What's with all the geese today?
Went outside to walk my daughters to the bus stop...heard them as soon as I opened the door. Thousands ( I kid you not ) of geese wheeling around and flying in circles up in the sky....You could see flocks flying together from different directions..they just seems to meet hover for a moment and then move in a slightly different direction.....It's been over an hour now and it's still a cacophony when you open the door.... It's like a Hitchcock film here.


----------



## Alice In TX/MO (May 10, 2002)

It's time to finish the flight south, and they are getting organized. They will be here in South Texas tomorrow.


----------



## Queen Bee (Apr 7, 2004)

Maybe your are going to have a big storm! No huge number of geese here but we do have tons of songbirds,crows and dove. When our weather is going to really change , they seem to act crazy. Sweeping (flying in huge numbers in circles really close to the ground), soaring around the sky in large circles -they seem to fly thru each flock and the noise is so loud it will hurt my ears... 
Please come back and tell us if you find out why it is happening..


----------



## soulsurvivor (Jul 4, 2004)

This is video from the Spring of '09 of Squaw Creek in Mound City MO. The Canadian snow geese use this area as their winter home.

[YOUTUBE]nNQPidYyk0Q[/YOUTUBE]
[ame]http://www.youtube.com/watch?v=nNQPidYyk0Q[/ame]


----------



## OkieDavid (Jan 15, 2007)

Yep, taking advantage of the first "real" storm to blow through. Why spend all that energy gaining a few feet/wing flap when you can get yards/wing flap.....


----------



## sunflower-n-ks (Aug 7, 2006)

Many years ago, I lived close to a national preserve where those huge flocks of geese would settle into and stay. They could be seen thick in fields, etc. Then the magical day came and they all took off for their journey. They were a little above tree top high as they were taking off in swarm after swarm right over my house. The sky was dark with them. My DS, who was about 10 at the time, was whooping and yelling, jumping all over the place. What a sight!!!!!

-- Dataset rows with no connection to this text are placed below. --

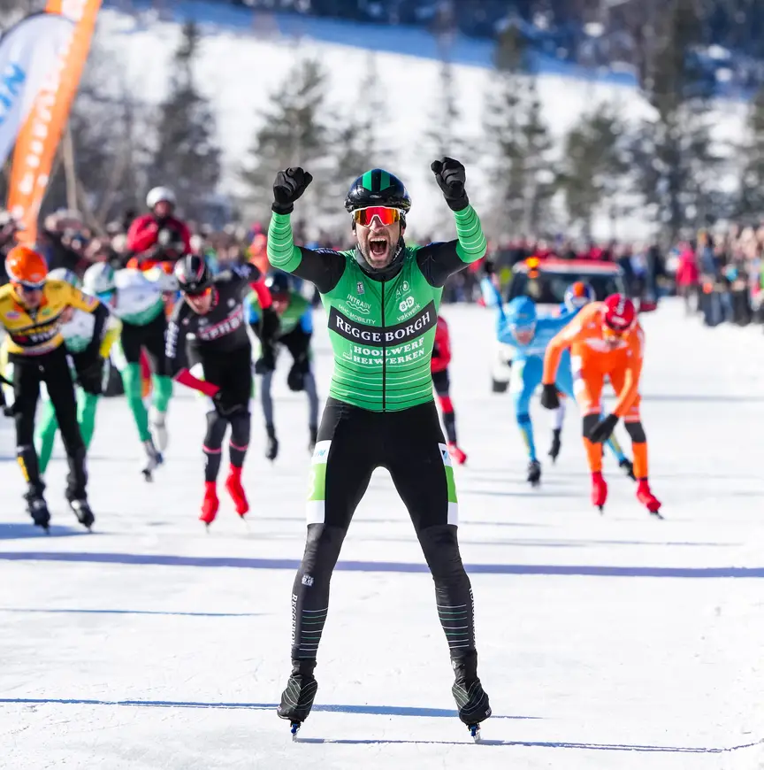 Dat deed ‘Ari’ dan ook niet, op het moment dat de beslissing zou vallen na een enerverende wedstrijd waarin een vrij grote, naar het einde toe slinkende kopgroep (zestien man, uiteindelijk zeven) de namen leek op te leveren voor de eerste posities in de uitslag. Dat gebeurde niet; in het bijna gebruikelijke kat-en-muis-spel van rijders die de zege ruiken, werd er net te veel getreuzeld en maakten de achtervolgers nog genoeg snelheid weer vooraan aan te sluiten. Het was kiele-kiele voor de Reggeborghs – met een ijzersterke Ronald Haasjes als stoorzender - maar net voldoende om de laatste paragraaf van het tactisch plan tot uitvoering te brengen. Sprinten met Crispijn.
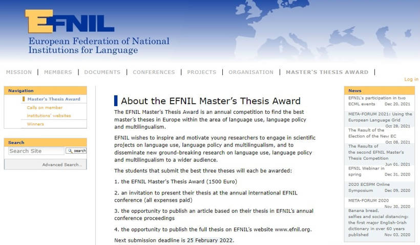 Informații suplimentare, pe pagina EFNIL: http://efnil.org/master-thesis-award
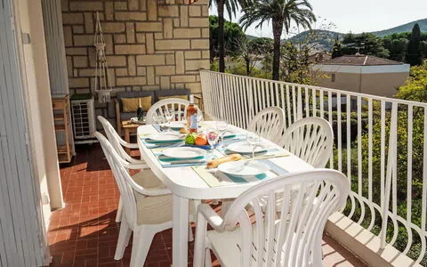 La residencia "Les Palmiers" se encuentra en el corazón de Saint-Cyr-sur-Mer, Francia, distribuida en 2 plantas dentro de una zona de resort soleada, a 500 m del centro y a 300 m del mar. El acceso está controlado mediante un portón eléctrico que garantiza privacidad y seguridad. La residencia cuenta con conexión Wi-Fi disponible durante toda la estancia y aparcamiento en el lugar. A 2 km se encuentran instalaciones de tenis; en las cercanías hay también una zona compartida de boccia.
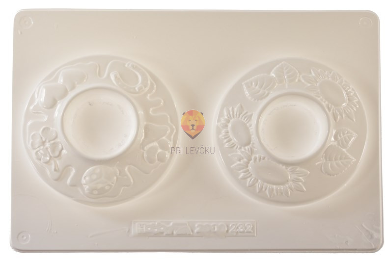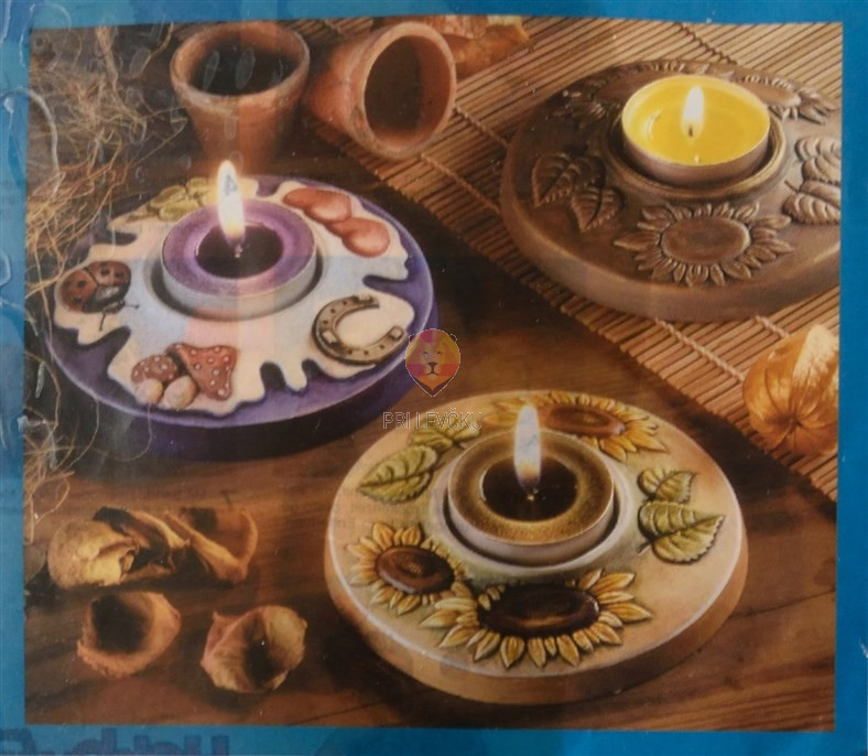 Kalup vsebuje dva motiva svečnikov premera 9-10 cm.
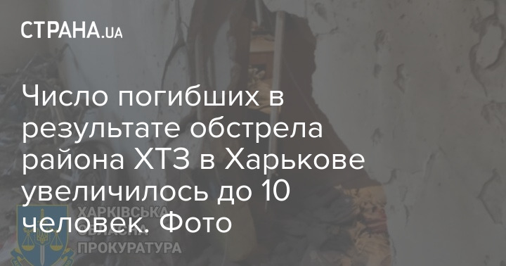 Прокуратура Харьковской области сообщает о 10 погибших и 35 раненых в результате обстрела россиянами Индустриального района города Харькова.
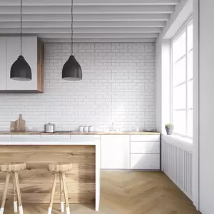 The Aspecta Elemental XL plank has an innovative, hard wearing Duraspect™ finish which combines the feeling of wood with the advantages of luxury vinyl. The ‘In-Register’ embossing provides a unique and realistic design with minimal pattern repetition. Planks are available in both 2.5mm and 5.0mm thickness. The Herringbone or Chevron patterns are stocked in the colour Bolsena and are available in 2.5mm only. The dramatic Elemental Chevron design offers a bold, modern twist on the classical Herringbone look. With diagonal ends, the Chevron planks create a striking V-shape design while the traditional Herringbone adds a sense of luxury.
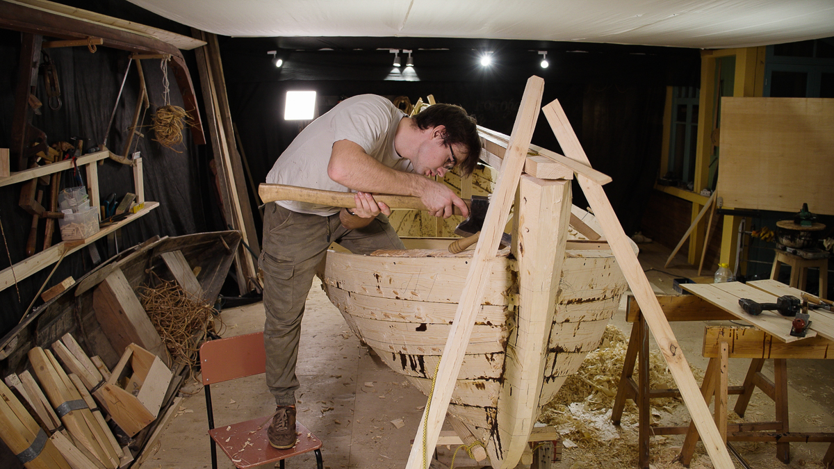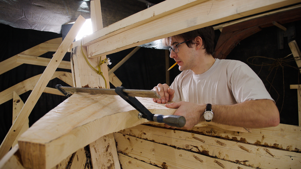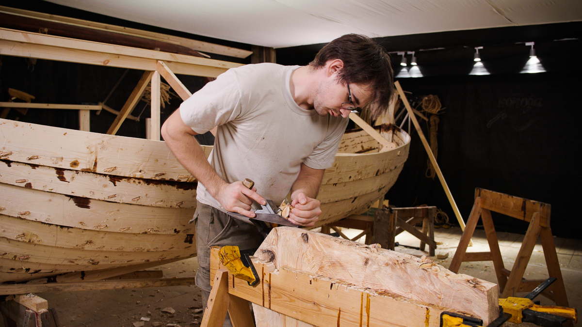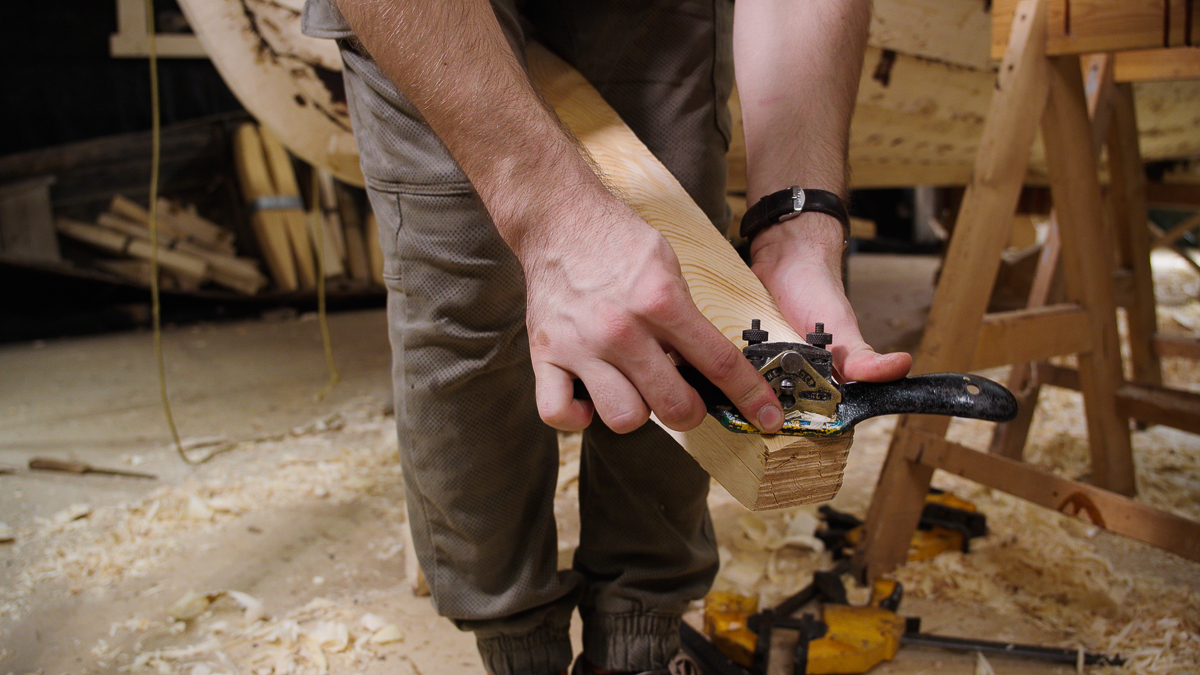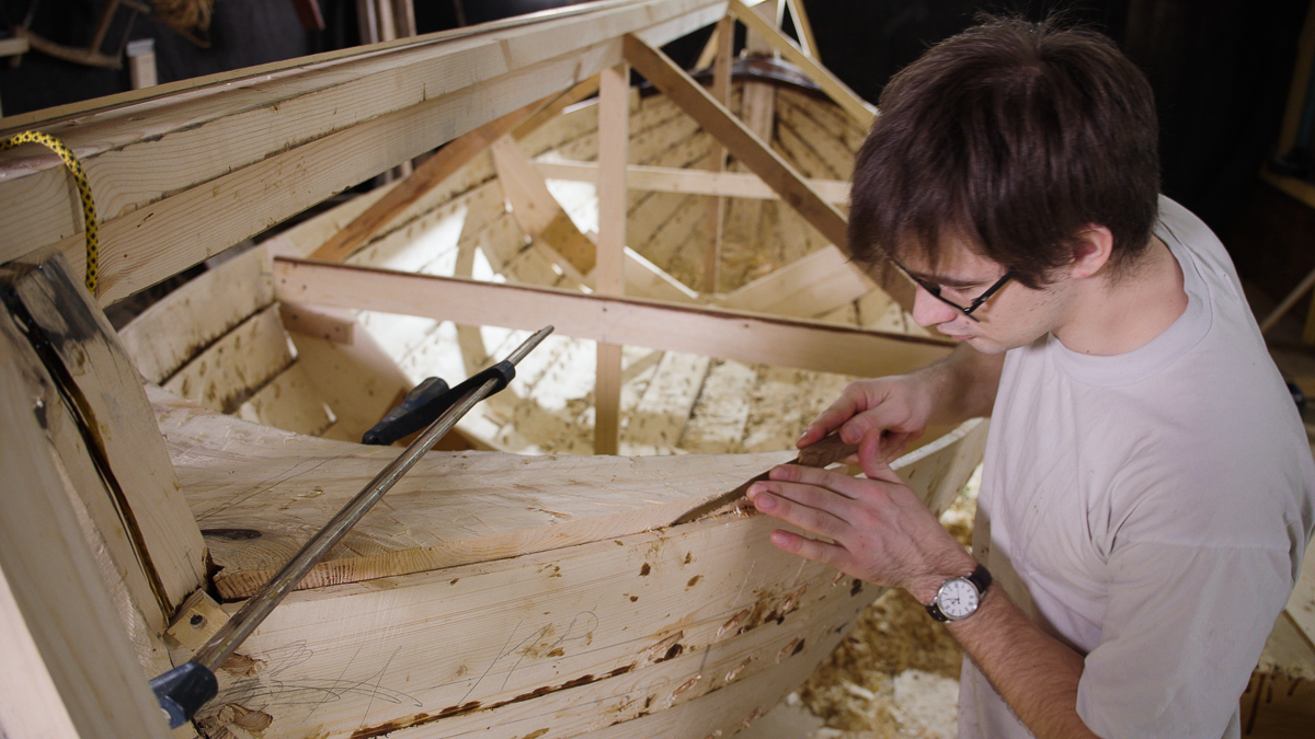 Иван выбирает две подходящих по форме кокоры и вытёсывает заготовки носового и кормового брештуков топором, скобелем, стругом и рубанком.
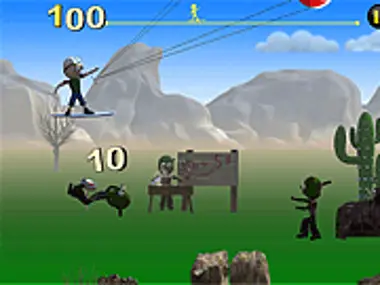 Invazia de zombi. Folosește placa și parașuta pentru a te mișca. Controlează jocul cu tastele săgeată. Conduci pe drum. Scopul tău este să intri în oraș. Pe drum vei întâlni mulți zombi, dușmani insidioși. Jocul are 12 nivele. Parcurge toate nivelele.
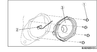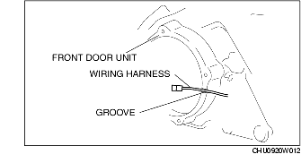 1. Remove the speaker with the wiring harness passing through the groove of the front door module.

A couple of years ago, a migrating flock settled onto the field across the road for a couple of hours. It was interesting to watch them form into their individual flocks. They seemed to be waiting for "something". Stragglers? Scouts? But then they all took off, but in different directions and they could be heard from the directions of different ponds in the area, discussing whatever, long into the night. Within a day or so they were all on their way again. Just a rest stop at the local ponds.


----------